My first solution was:
class C1
{
public:
C1() {}
void Run();
};
class C2
{
public:
C2(double a) {}
void Run();
};
template <class T>
void python_wrapper()
{
T instance();
instance.Run();
}
template <class T, class A0>
void python_wrapper(A0 a0)
{
T instance(a0);
instance.Run();
}
BOOST_PYTHON_MODULE(_pythonmodule)
{
// This is boost.python stuff
python::def("f1", python_wrapper<C1>);
python::def("f2", python_wrapper<C2, double>);
}
And... It works.
What I am trying to accomplish now is to use python_wrapper<C2> instead of python_wrapper<C2, double> while inferring the constructor argument types.
As I showed in the original post. I could accomplish something similar if I was wrapping functions instead of classes.
There is no way of deducing a type's constructor's arguments.
C++98/03 and C++11 specifications explicitly list the context in which type deduction may occur (refer to § 14.8.2 and its subsections). Deduction is a qualify of life enhancement for template programming, and not mandatory. Anything that can be done through deduction can also be achieved through explicit calls. Thus, in order for deduction to be possible, it would require that one could explicitly provide a constructor to a function template.
However, this is impossible. As noted in § 12.1 of C++98/03 and C++11 specifications, constructors do not have names. Additionally, § 12.1.12 of C++98/03 and § 12.1.10 of C++11 state that the address of a constructor shall not be taken. Thus, there is no way to provide an identifier; therefore, deduction cannot occur.

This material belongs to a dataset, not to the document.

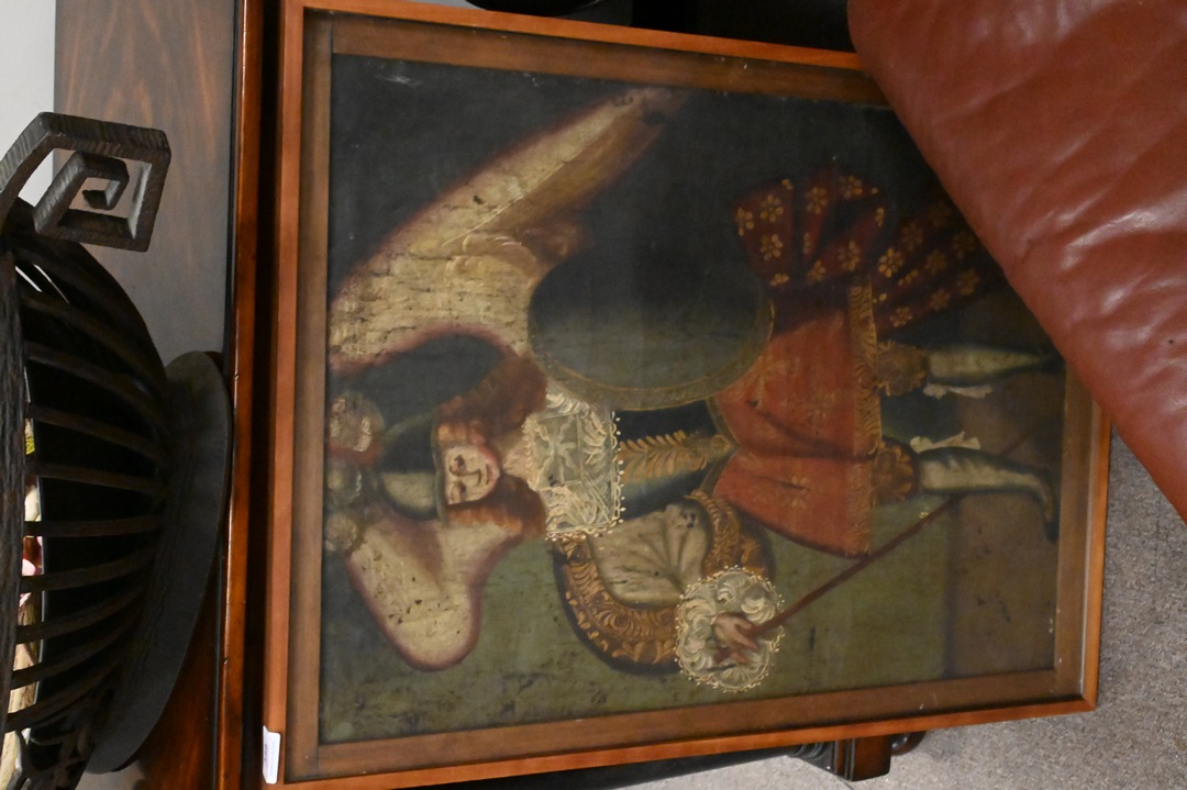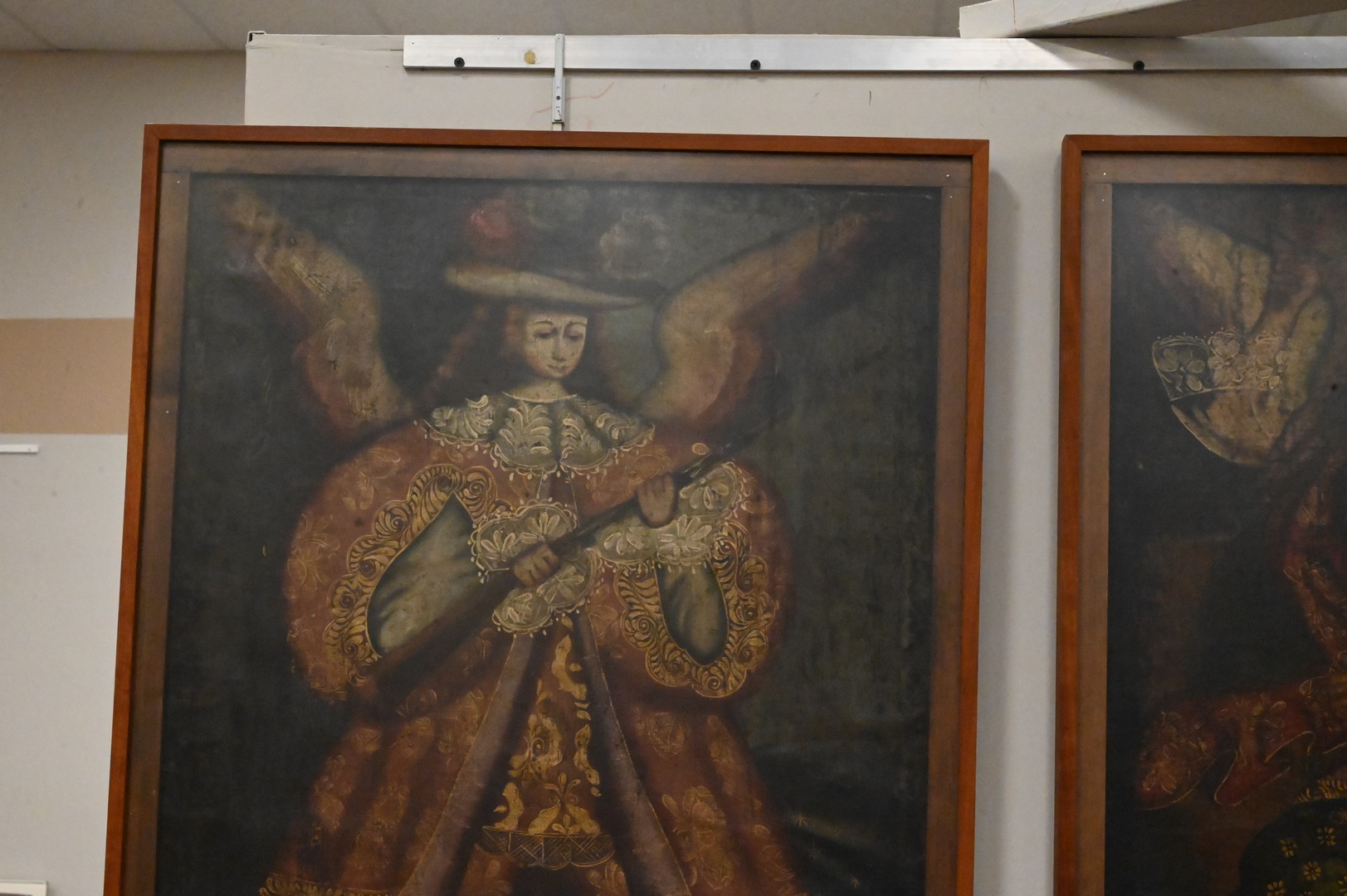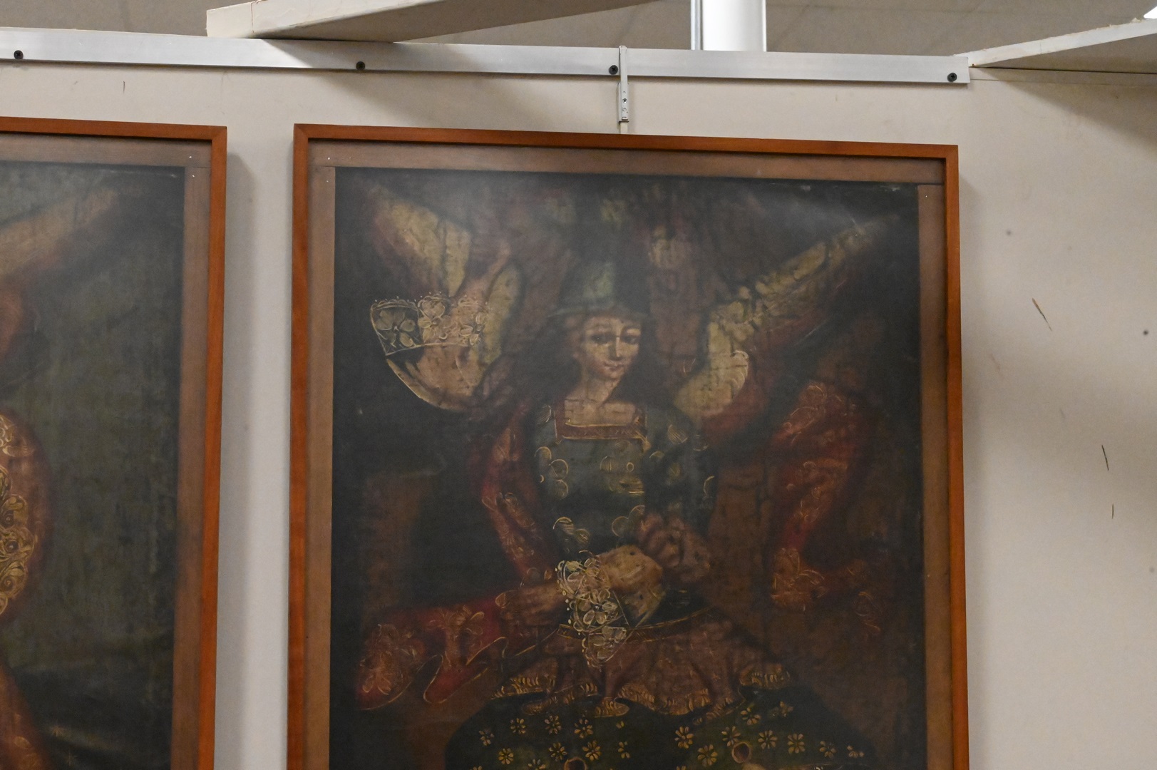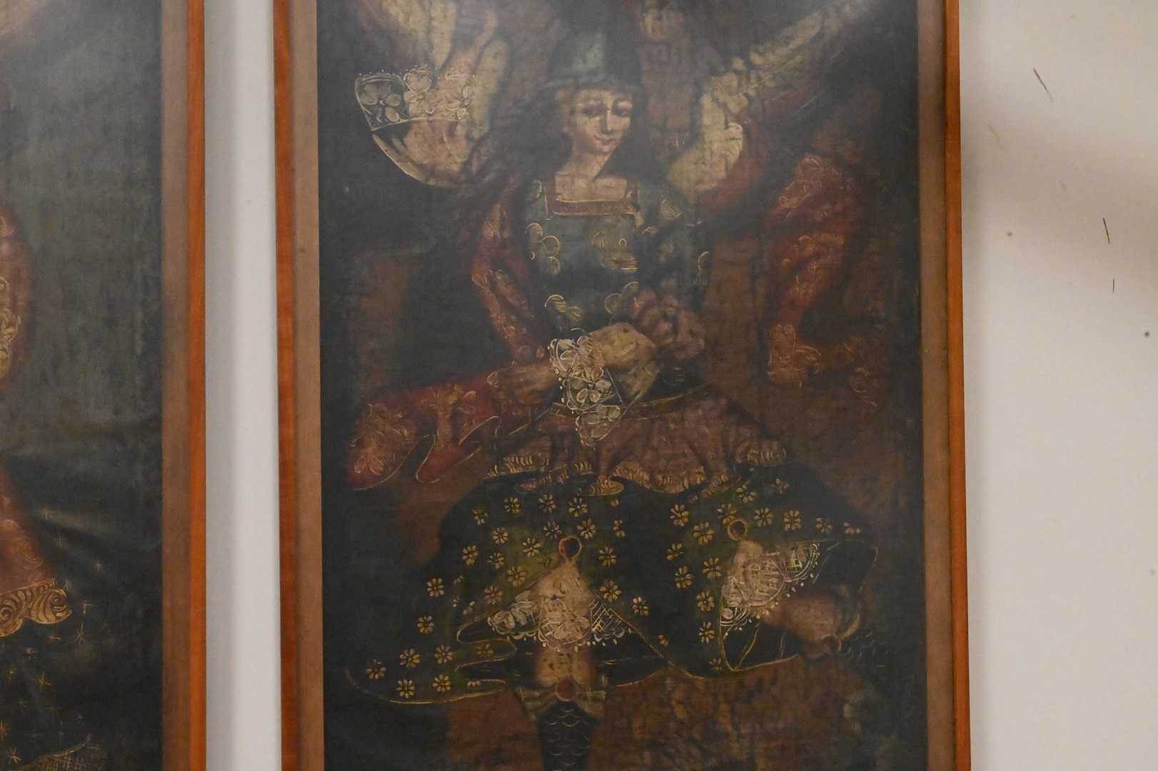 Set of Three Cuzco School Spanish Colonial Paintings, 18th/19th century, depicting archangel with Arquebus, San Miguel and Michael.

With deduction being impossible, it may be worth considering alternative solutions. Each solution will have its own sets of pros and cons, but all of them will require that the argument types be explicitly listed in some context outside of the constructor:
Provide the constructor's argument types to a function template.
Pros:
Fairly simple.
Cons:
The association between the type and the type's constructor's argument types is not very visible.
The association is not reusable. For example, the association would need to be duplicated if passing it to multiple function templates or class templates.
Required for every type that has a constructor with an arity of 1 or greater.
Maintain the association with a type trait.
Pros:
Reusable.
The association between the type and the type's constructor's argument types is more visible.
Not overly complicated.
Cons:
Coding is slightly more complex than providing the association directly to a function template.
Required for every type that has a constructor with an arity of 1 or greater.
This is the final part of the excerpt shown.